Chinese activist Guan Guilin, who is seeking political asylum in France, in undated photo.
Guan Guilin
An activist targeted by the Chinese authorities for taking part in a campaign for sweeping political reform has been denied entry to France after arriving in Paris in the hope of claiming political asylum, RFA has learned.
Guan Guilin landed in Paris last Thursday, before making himself known to immigration guards as an asylum-seeker, but his application was subsequently refused.
Guan was denied permission to clear immigration, and is currently being held in an immigration detention center at Charles De Gaulle airport pending his appeal to an immigration court.

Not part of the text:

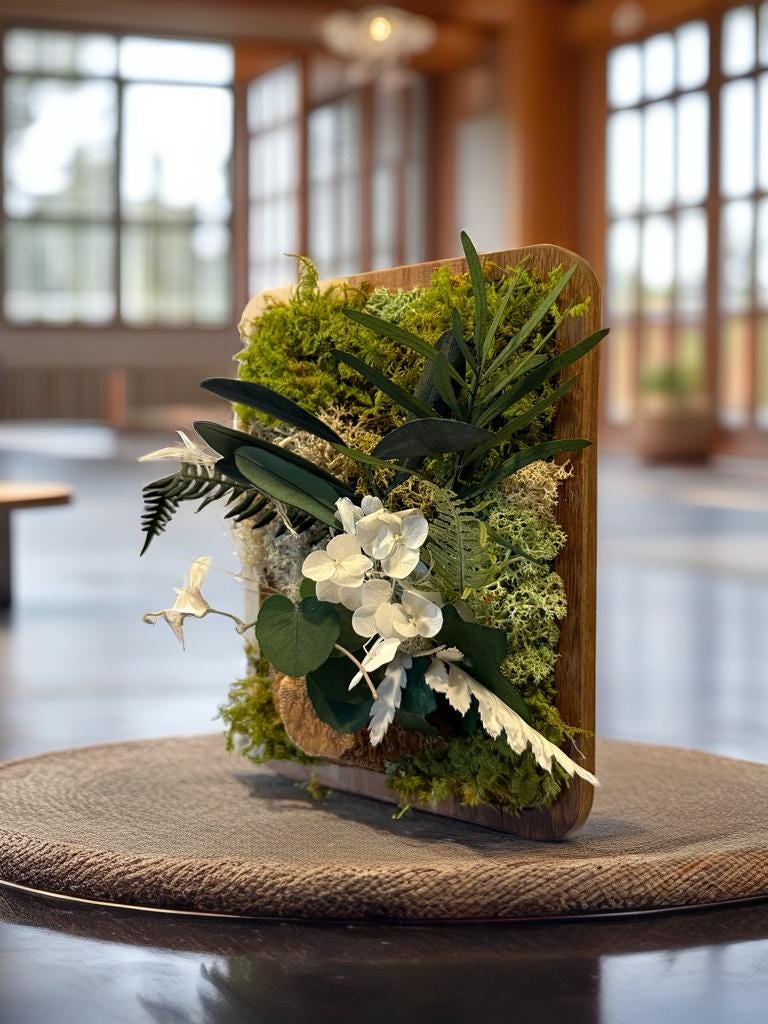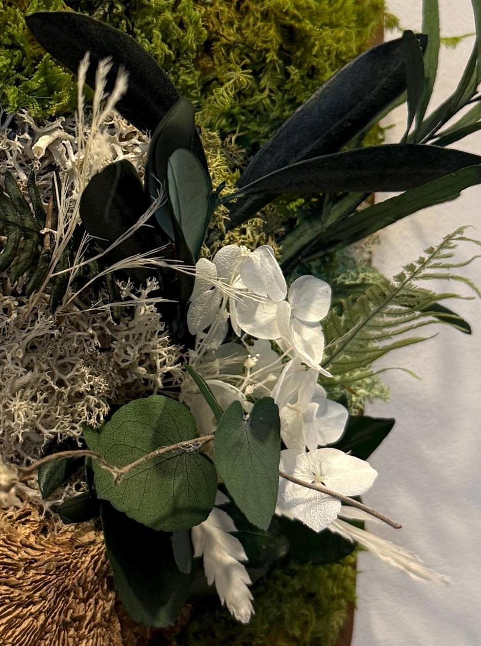Chaque pièce est artisanale et unique, les éléments de mousse et de feuillage peuvent varier légèrement, garantissant un décor naturel authentique.

“The border police have detained me at a refugee camp within the airport,” Guan told RFA on Tuesday. “They haven’t interviewed me, but they asked me to sign a number of documents.”

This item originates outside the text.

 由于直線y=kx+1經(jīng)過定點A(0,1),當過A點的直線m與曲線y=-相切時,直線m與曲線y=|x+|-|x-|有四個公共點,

“I’m not very optimistic, but I think that the French authorities should grant me political asylum, because my refugee status has been approved by the United Nations High Commission for Refugees (UNHCR),” he said.

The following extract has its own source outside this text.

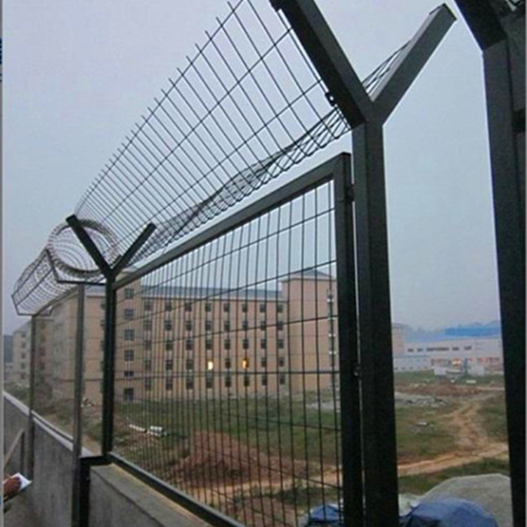 - 刀片刺網型鋼網墻:這種鋼網墻的網片主體為焊接刀片刺網,菱形網孔,刀片鋒利,防攀爬和阻嚇效果極佳。立柱一般為“Y”字型,頂部也會架設蛇腹型刀刺網,增強防護性能。

“France is a country that recognizes refugees, so they aren’t likely to repatriate me, or they shouldn’t,” Guan added.
Guan, who hails from the central province of Hunan, fled China in February, arriving in Thailand, where he was given papers by UNHCR identifying him as a refugee on the grounds that he will be persecuted if he returns to his own country.
He later traveled to Malaysia and on to Morocco.
Guan was among dozens of activists across China in recent years to risk the wrath of the ruling Chinese Communist Party by exercising their legal right to stand as independent candidates in elections to local-level branches of the National People’s Congress (NPC), in spite of official warnings that there is “no such thing” as an independent candidate.
Activists tried to use a clause in the election rules which allows anyone with the endorsement of at least 10 constituents to seek nomination.
A land of no genuine elections
But apart from a token group of ersatz “democratic parties” that never oppose or criticize the ruling party, opposition political parties are banned in China, and those who set up in opposition to the ruling party are frequently handed lengthy jail terms or targeted for house arrest, surveillance, or other forms of harassment.
“In the second half of 2017, I started to offer my support to someone in Hunan’s Qidong county over a miscarriage of justice, and in doing so, I angered the county party secretary,” Guan told RFA.
“Then, last February, the Chinese government started a persecution campaign targeting people for ‘jeopardizing grassroots elections’ and requiring them to turn themselves in by March 1. Anyone who didn’t surrender would face serious consequences,” he said.
“Jeopardizing grassroots elections” is a common charge used to target would-be candidates, who often command considerable popular support because of their willingness to campaign over land rights and other issues affecting local people.
Guan was able to flee the country with the help of rights groups, including the Canada-based Federation for a Democratic China, he said.
The group’s vice chairman Zhang Jian said Guan had likely run into difficulties owing to a failure to prepare enough evidence to support his case.
“He needs to be able to prove all of the persecution he suffered back home in China, and that means he needs to have documentation,” Zhang said. “He hadn’t prepared anything of the kind.”
“I will do everything I can [to support him], but this wasn’t up to me,” he said. “He contacted us very suddenly without any previous preparation or previous contact with our staff.”
Guan was sentenced to three months’ imprisonment after campaigning in 2011 elections for his local district-level People’s Congress.
Undeterred, he once more campaigned to be allowed to run as an independent candidate in 2015, but was held under criminal detention shortly before the election date, and was prevented from taking part.